Как знать, не оттого ли Федор Алексеевич сделался большим любителем поездок на лошадях, что хворь иной раз отбирала у его ног подвижность? Бывало, государь с трудом перемещался на своих двоих, бывало, ходил, опираясь на костыль… А окажется в седле, и что ему тяжелые глупые ноги? В седле он хорош, легок, молодцеват. Исчезают вся тяжесть и неуклюжесть его походки, видны лишь юная сила да искусство управлять лошадью. Добрый конь птицей летит под ним, ветер бьет в лицо, и горячая молодая кровь берет верх над горестным нездоровьем. Не потому ль и невесте, жадно всматривавшейся в него из чердачного окошка, показался царь на коне?
Так ли это, бог весть. Но в любом случае царская любовь к лошадям сослужила стране хорошую службу: уйдет Федор Алексеевич, а конские заводы после него останутся. Добрый прибыток державе!

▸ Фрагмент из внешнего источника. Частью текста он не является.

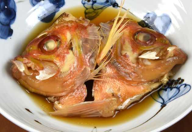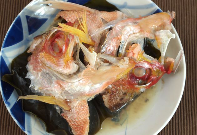 ミハラハナダイの兜煮 2月の個体を煮つけにすると身が極端に締まり、まずくはないが味がなかった。10月の個体は脂があり、身が縮むこともなくおいしく食べられた。兜煮は頭部を梨子割りにして湯通しする。氷水に落として残った鱗とぬめりをとり、水分をきる。これを酒・砂糖・醤油・水を沸かした中で煮る。クリックで閉じます![]()

Как и прежние государи — что Рюриковичи, что Романовы, — Федор Алексеевич регулярно ездил на богомолье. Эта его черта нимало не изменилась к поздним годам царствования. Здоров ли, не здоров ли, а государь постоянно посещал большие монастыри в столице и за пределами Москвы. Столь твердая приверженность к длительным богомольным поездкам говорит о сильном религиозном чувстве. Как видно, в нем Федор Алексеевич не уступал своему отцу — великому любителю посещать монастыри, а также наслаждаться хорошо выстроенным богослужением.
Да и выбор мест, которые стремился посетить молодой царь, во многом был определен предпочтениями Алексея Михайловича. Чаще всего Федор Алексеевич отправлялся в Троицесергиев монастырь, Александровскую слободу с ее Успенской обителью да Лукьяновой пустынью. Время от времени объезжал он целый куст монастырей, расположенных в Переяславле-Залесском и неподалеку от него. С первого года царствования навещал звенигородскую Саввино-Сторожевскую обитель — излюбленное место паломничества его покойного отца. Здесь поместили серебряную раку для мощей преподобного Саввы, созданную, как тогда говорили, царским «усердием».
Иной раз царь тратил на дальнее богомолье по полмесяца, а то и больше. Дальше Переяславля не забирался. Как видно, опасался расхвораться от долгого путешествия к великим северным светочам русского иночества — Кирилл о-Белозерской обители, Спасо-Прилуцкой и др. Ежегодно брел со всем великим крестным ходом, который устраивали у Новодевичьего монастыря 28 июня — в день празднования Смоленской иконы Божией Матери.
Лишь за несколько месяцев до кончины Федор Алексеевич рискнул длительной поездкой по тем монастырям, какие прежде не посещал. Добрался до суздальского средоточия святости и даже до ярославских обителей. Наверное, молил Бога о стремительно улетучивающемся здравии…
В смысле полной и безраздельной приверженности православию, любви к чинному быту монастырей, пристрастия к хорошему церковному пению государь Федор Алексеевич оставался таким же русским человеком, как и подавляющее большинство его подданных. Сын отца своего, отпрыск старомосковского боярского рода, он благоговел перед мощами святых, почитал церковные святыни, не мыслил себя вне Христовой веры.